Retype the records below exactly as they stand, but with no images.

● **Provided records**
= = =

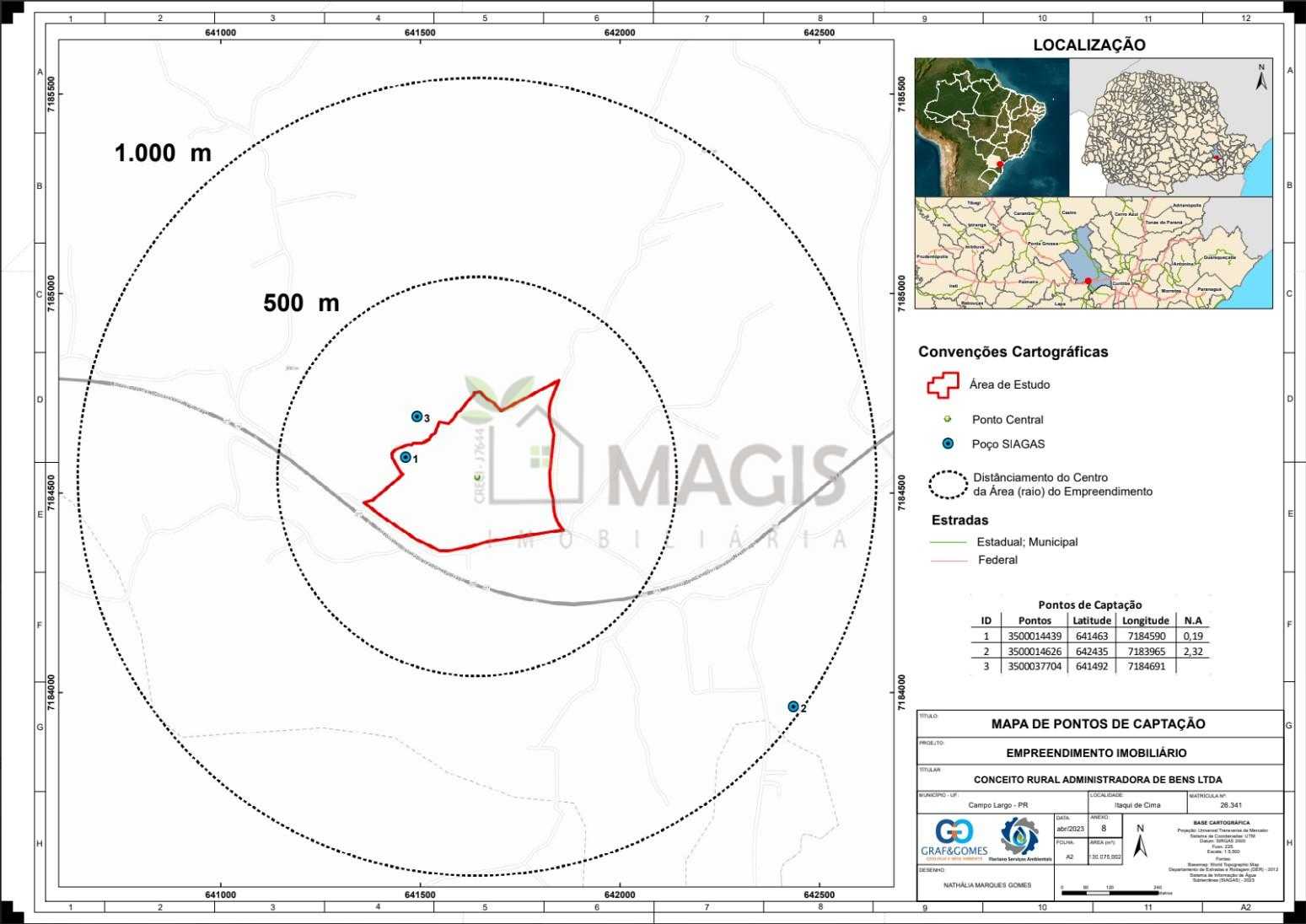 Estudos técnicos realizados: Hidrogeológico, Planialtimétrico e Florístico.
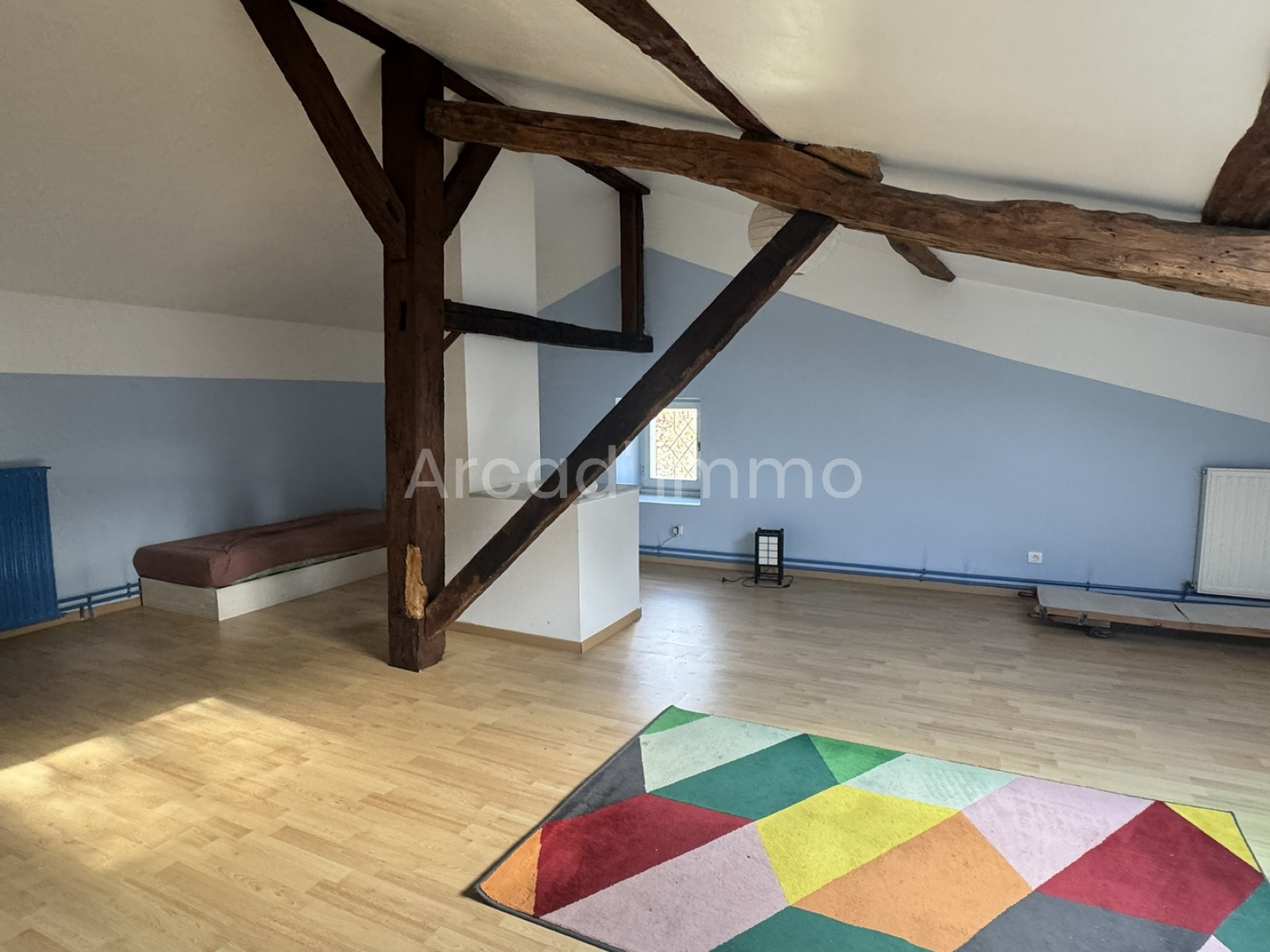 La grande chambre (38 m²) avec quelques poutres apparentes.
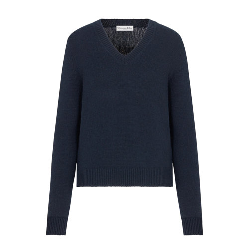 DIOR/迪奥 22年春夏新款 女士蓝色纯羊绒Logo刺绣长袖针织衫毛衣144S47AM002_X5620
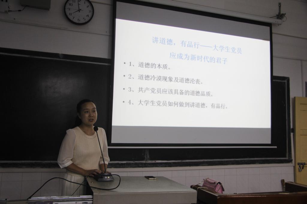 刘博艺老师从道德的本质、道德冷漠现象及道德沦丧、共产党员应该具备的道德品质和大学生党员如何做到讲道德、有品行四个方面,结合古今中外的历史故事及经典孔儒之学,由浅入深为同学们带来了一节生动的党课,理论与实践相结合,引领同学们领会新时代真君子应该具备的道德和品行。
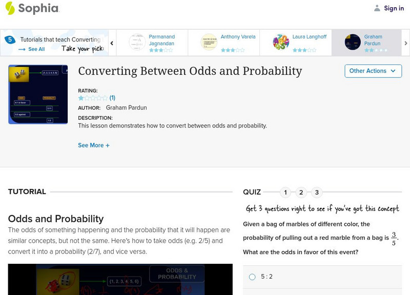 Sophia: Converting Between Odds and Probability: Lesson 3
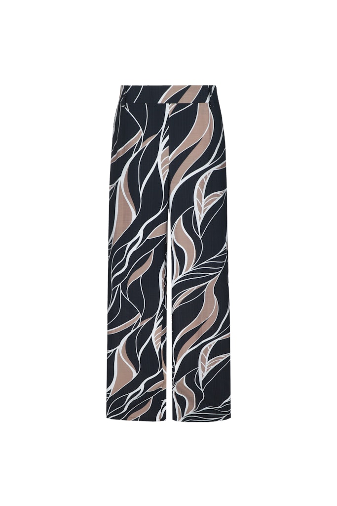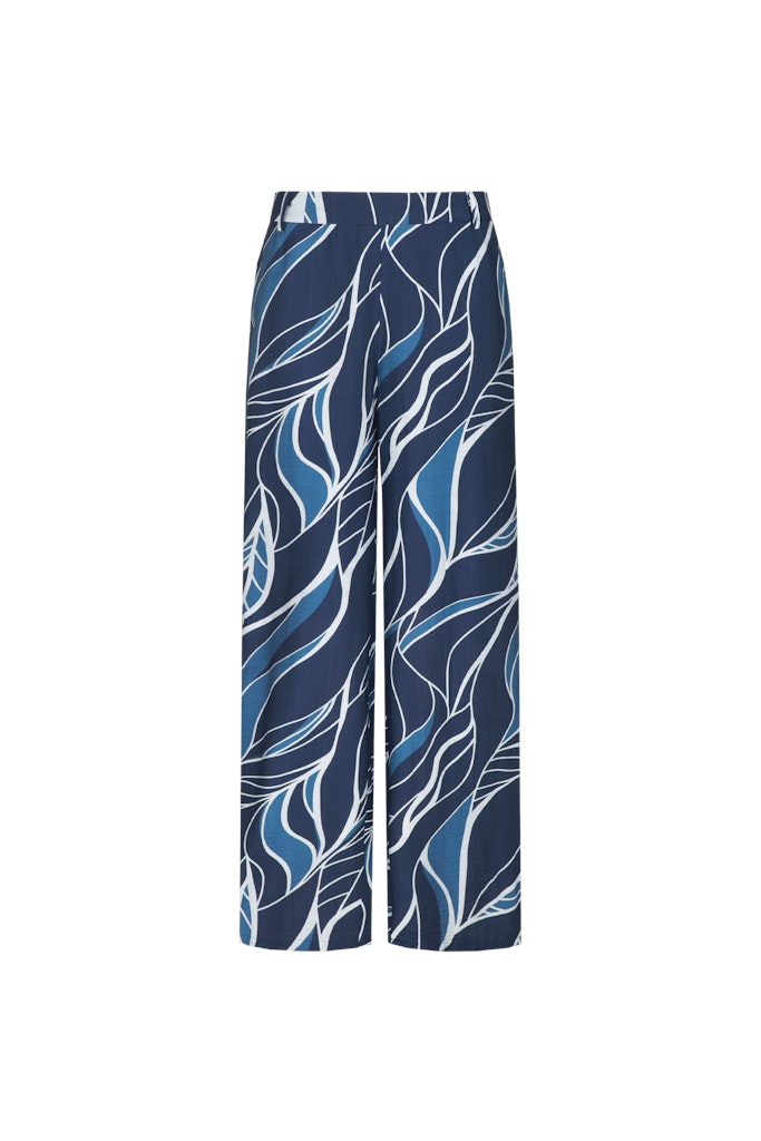 Broek van C&S The Label in een all-over dessin met wijde pijpen, steekzakken, paspelzakken aan de achterzijde en een elastische tailleband. Materiaal: Viscose 88%| polyamide 12%
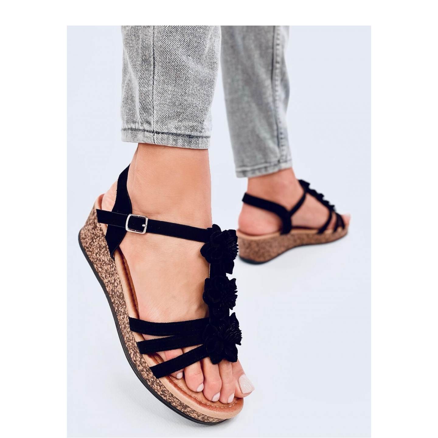 We present sandals on a wedge with Fisken Black flowers from INELLO - the perfect complement to your summer wardrobe! These elegant women's sandals are distinguished by an unusual design, which combines the latest trends and comfort of wearing.
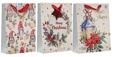 Torba prezentowa świąteczna TB-3, FORMAT 30X40X10, 210g, pakiet mix 12szt wysyłanych losowo.
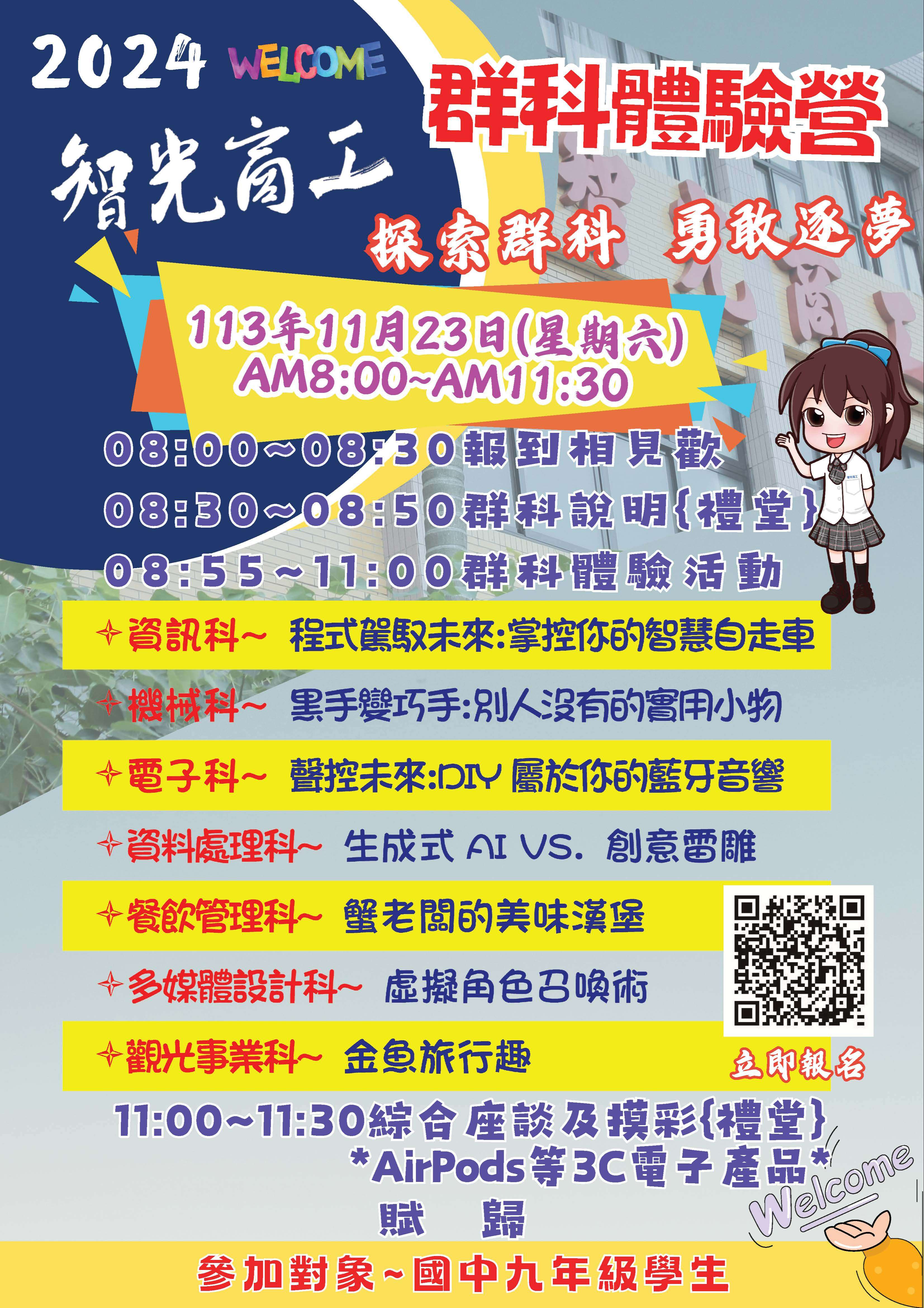 一、依據國教署113學年度高級中等學校完全免試入學資源挹注 計畫B2-1「生涯探索、預見未來」子計畫辦理。 二、活動時間:113年11月23日(星期六) 08:00~11:30 三、活動地點:新北市智光商工 四、活動費用:免費 五、詳細內容如附件 六、活動聯絡人:智光商工教務處招生組劉仲平組長,電話 (02)-2943-2491分機888。 七、敬請協助公告,並鼓勵九年級學生踴躍報名參加
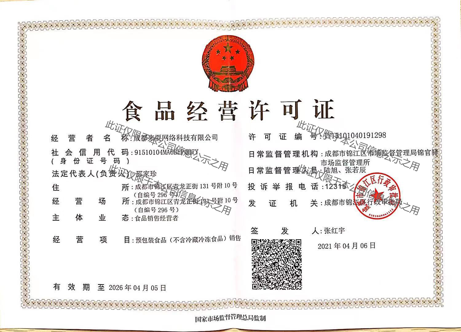 食品经营许可证
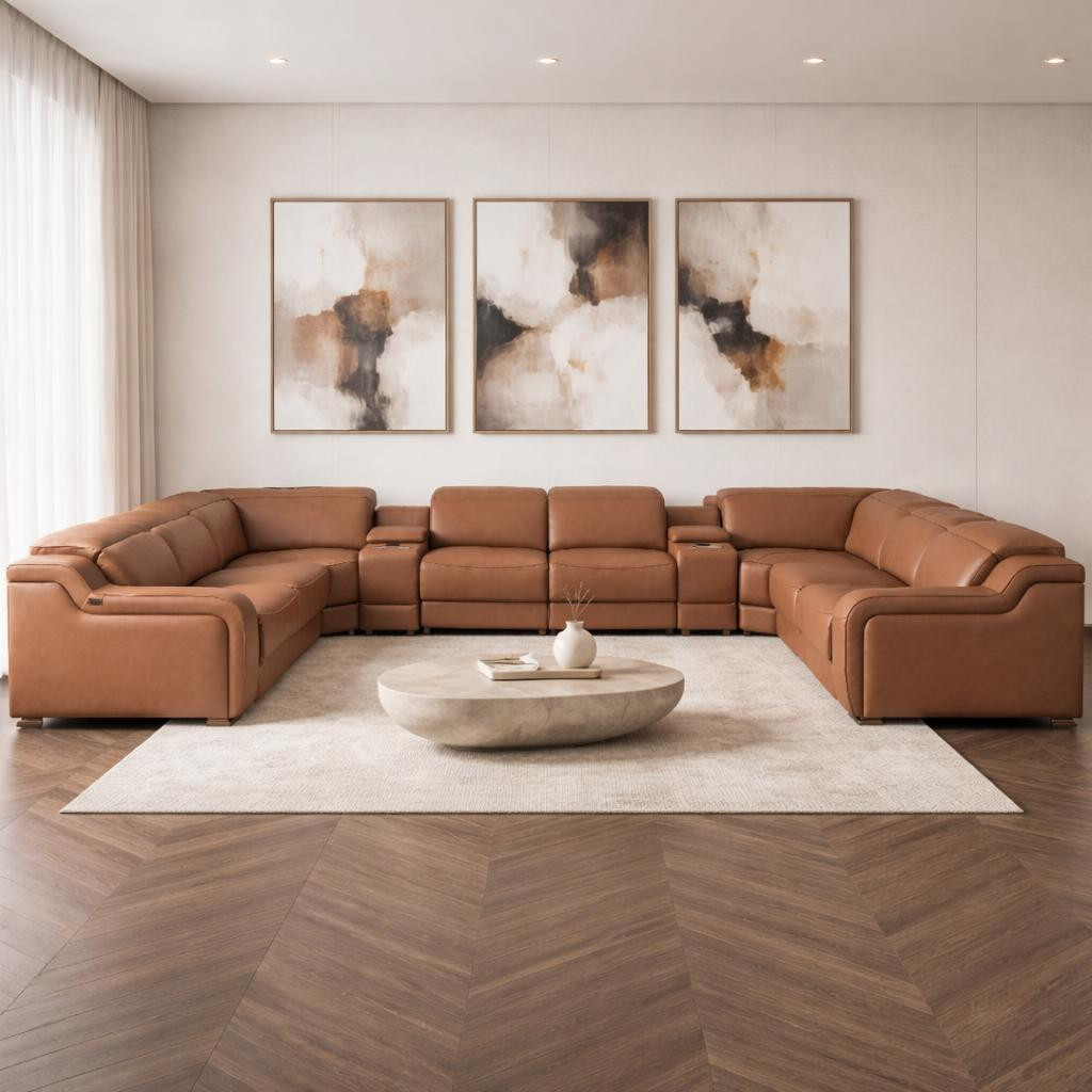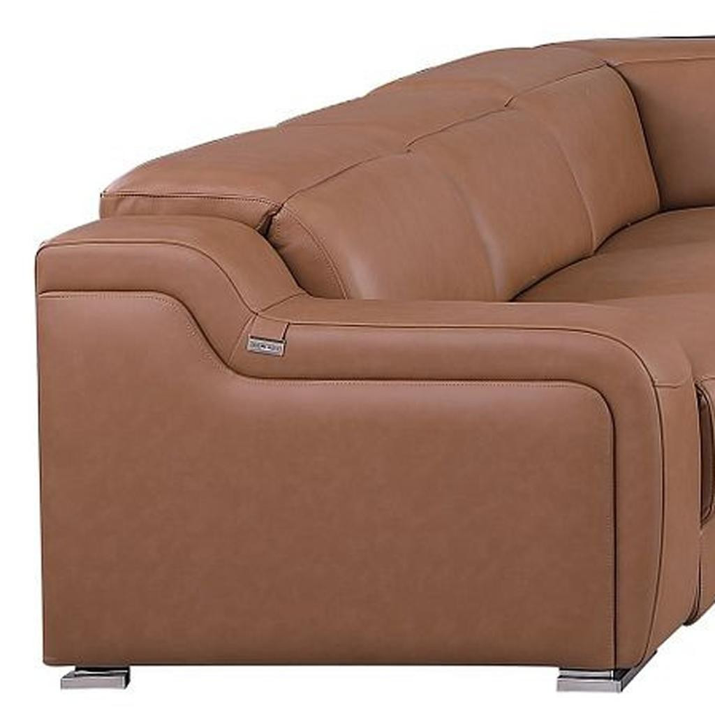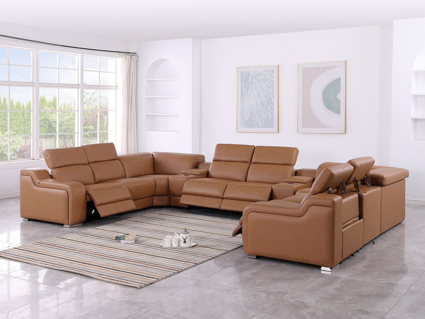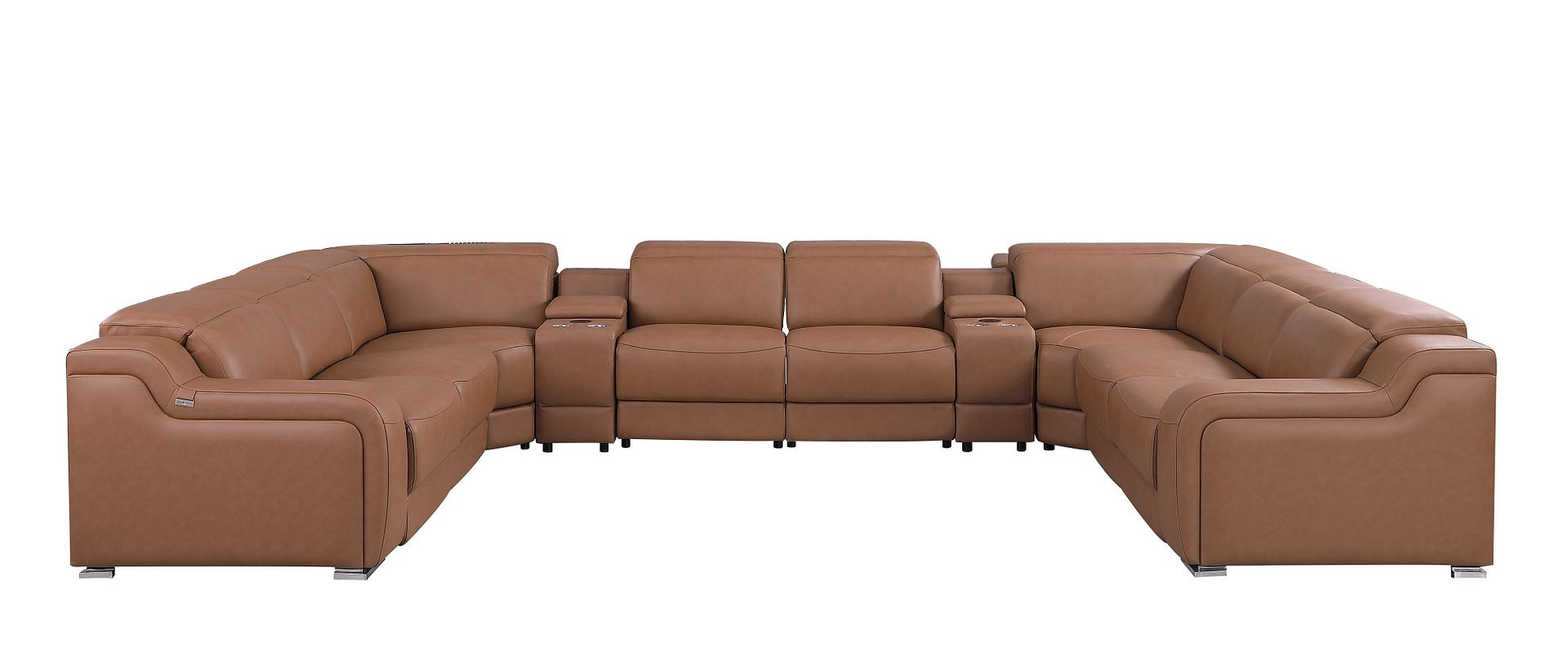 An interior designer's dream, this buttery soft high-grade leather chestnut italian leather power reclining u shaped ten piece corner sectional with console will bring just the right touch to your space. The premium leather used makes your lounging luxuriously comfortable and adds an elegant appeal to your space. Solid colors give you lots of decorative options and are easy to work into your decor scheme. Square arms offer a comfy place to rest. Power - push button recline allows you to truly rest, lounge and even sleep comfortably. Silver metal legs effortlessly elevate the room and add a touch of contemporary design. Great for everyday lounging and for entertaining, sectionals are an ideal way to seat multiple people. 39-inch h x 161-inch w x 138-inch d.

= = =

● **Finished exercise**
 Estudos técnicos realizados: Hidrogeológico, Planialtimétrico e Florístico.
 La grande chambre (38 m²) avec quelques poutres apparentes.
 DIOR/迪奥 22年春夏新款 女士蓝色纯羊绒Logo刺绣长袖针织衫毛衣144S47AM002_X5620
 刘博艺老师从道德的本质、道德冷漠现象及道德沦丧、共产党员应该具备的道德品质和大学生党员如何做到讲道德、有品行四个方面,结合古今中外的历史故事及经典孔儒之学,由浅入深为同学们带来了一节生动的党课,理论与实践相结合,引领同学们领会新时代真君子应该具备的道德和品行。
 Sophia: Converting Between Odds and Probability: Lesson 3
 Broek van C&S The Label in een all-over dessin met wijde pijpen, steekzakken, paspelzakken aan de achterzijde en een elastische tailleband. Materiaal: Viscose 88%| polyamide 12%
 We present sandals on a wedge with Fisken Black flowers from INELLO - the perfect complement to your summer wardrobe! These elegant women's sandals are distinguished by an unusual design, which combines the latest trends and comfort of wearing.
 Torba prezentowa świąteczna TB-3, FORMAT 30X40X10, 210g, pakiet mix 12szt wysyłanych losowo.
 一、依據國教署113學年度高級中等學校完全免試入學資源挹注 計畫B2-1「生涯探索、預見未來」子計畫辦理。 二、活動時間:113年11月23日(星期六) 08:00~11:30 三、活動地點:新北市智光商工 四、活動費用:免費 五、詳細內容如附件 六、活動聯絡人:智光商工教務處招生組劉仲平組長,電話 (02)-2943-2491分機888。 七、敬請協助公告,並鼓勵九年級學生踴躍報名參加
 食品经营许可证
 An interior designer's dream, this buttery soft high-grade leather chestnut italian leather power reclining u shaped ten piece corner sectional with console will bring just the right touch to your space. The premium leather used makes your lounging luxuriously comfortable and adds an elegant appeal to your space. Solid colors give you lots of decorative options and are easy to work into your decor scheme. Square arms offer a comfy place to rest. Power - push button recline allows you to truly rest, lounge and even sleep comfortably. Silver metal legs effortlessly elevate the room and add a touch of contemporary design. Great for everyday lounging and for entertaining, sectionals are an ideal way to seat multiple people. 39-inch h x 161-inch w x 138-inch d.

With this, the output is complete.